START Data

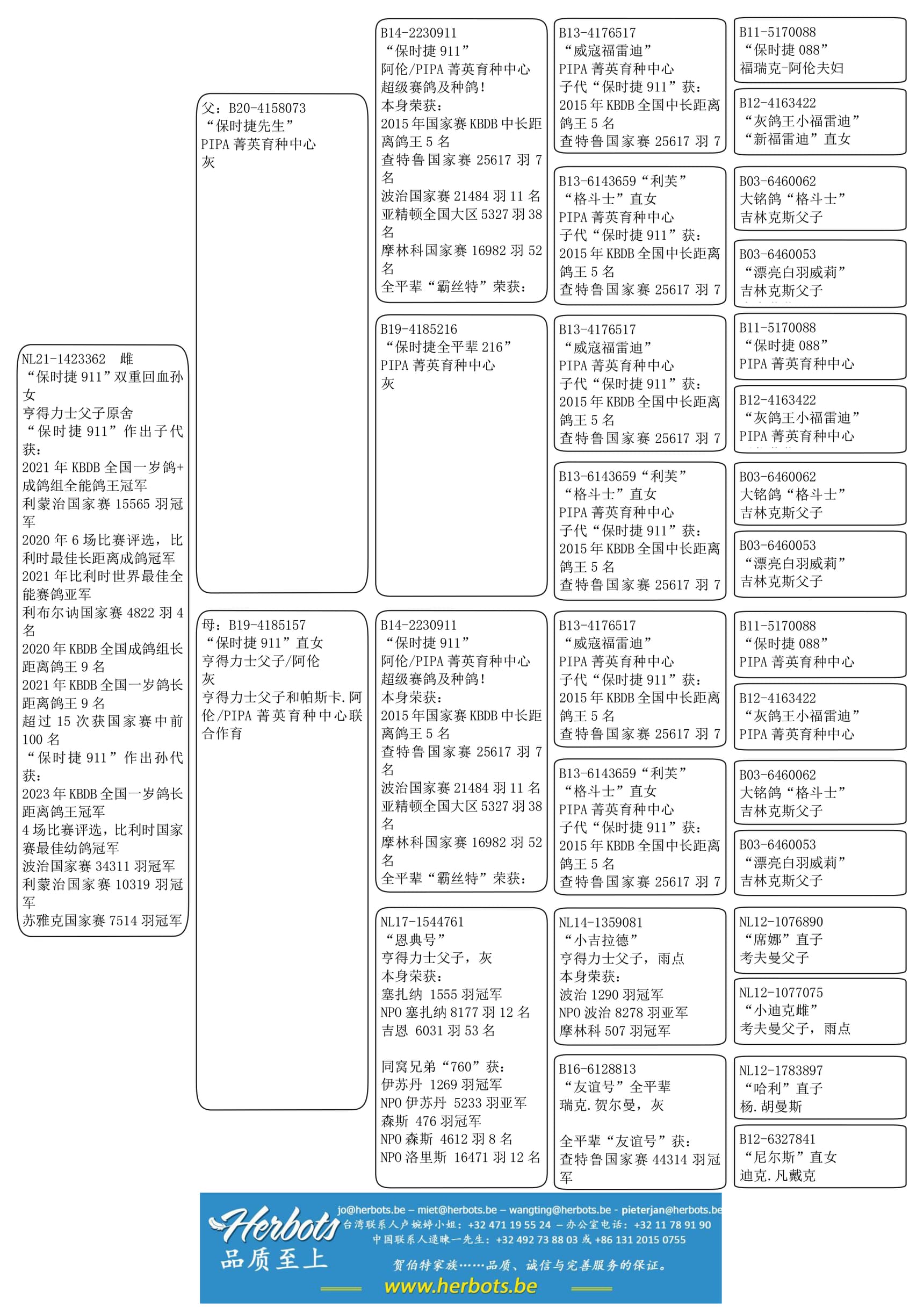 2023年KBDB全国一岁鸽长距离鸽王冠军-4场比赛评选,比利时国家赛最佳幼鸽冠军-波治国家赛34311羽冠军-利蒙治国家赛10319羽冠军-苏雅克国家赛7514羽冠军-苏雅克国家赛4827羽冠军-苏雅克国家赛4476羽冠军-利布尔讷国家赛3880羽冠军-2022年奥林匹克I类鸽王亚军-苏雅克国家赛6085羽亚军-2021年KBDB全国成鸽组长距离鸽王季军-利蒙治国家赛一岁鸽组8970羽季军-2023年KBDB全国幼鸽组中长距离鸽王4名-2020年KBDB全国一岁鸽组长距离鸽王5名-2018年KBDB全国一岁鸽组中长距离鸽王7名,等等优异赛绩
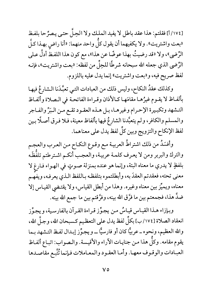 وبإزاء هذا القياس قياسُ من يجوِّز قراءة القرآن بالفارسية، ويجوِّز انعقاد الصلاة [١٧٤/ب] بكلِّ لفظ يدل على التعظيم كسبحان الله، وجلَّ الله، والله العظيم، ونحوه ــ عربيًّا كان أو فارسيًّا ــ ويجوِّز إبدال لفظ التشهد بما يقوم مقامه. وكلُّ هذا من جنايات الآراء والأقيسة. والصواب: اتباع ألفاظ العبادات والوقوف معها. وأما العقود والمعاملات فإنما تُتَّبع مقاصدها
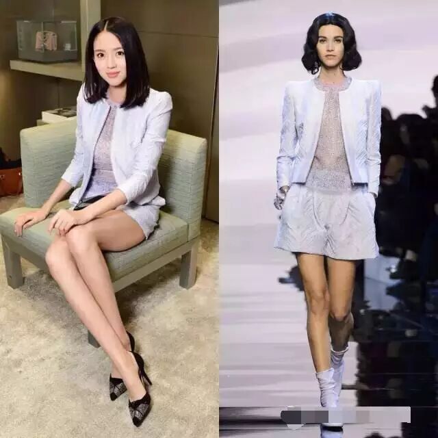 张梓琳这次穿了Armani2016春夏高定系列的光泽感西服

END Data

— Task details —
Without including any image, reproduce the full listing above as written.

— Solution —
 2023年KBDB全国一岁鸽长距离鸽王冠军-4场比赛评选,比利时国家赛最佳幼鸽冠军-波治国家赛34311羽冠军-利蒙治国家赛10319羽冠军-苏雅克国家赛7514羽冠军-苏雅克国家赛4827羽冠军-苏雅克国家赛4476羽冠军-利布尔讷国家赛3880羽冠军-2022年奥林匹克I类鸽王亚军-苏雅克国家赛6085羽亚军-2021年KBDB全国成鸽组长距离鸽王季军-利蒙治国家赛一岁鸽组8970羽季军-2023年KBDB全国幼鸽组中长距离鸽王4名-2020年KBDB全国一岁鸽组长距离鸽王5名-2018年KBDB全国一岁鸽组中长距离鸽王7名,等等优异赛绩
 وبإزاء هذا القياس قياسُ من يجوِّز قراءة القرآن بالفارسية، ويجوِّز انعقاد الصلاة [١٧٤/ب] بكلِّ لفظ يدل على التعظيم كسبحان الله، وجلَّ الله، والله العظيم، ونحوه ــ عربيًّا كان أو فارسيًّا ــ ويجوِّز إبدال لفظ التشهد بما يقوم مقامه. وكلُّ هذا من جنايات الآراء والأقيسة. والصواب: اتباع ألفاظ العبادات والوقوف معها. وأما العقود والمعاملات فإنما تُتَّبع مقاصدها
 张梓琳这次穿了Armani2016春夏高定系列的光泽感西服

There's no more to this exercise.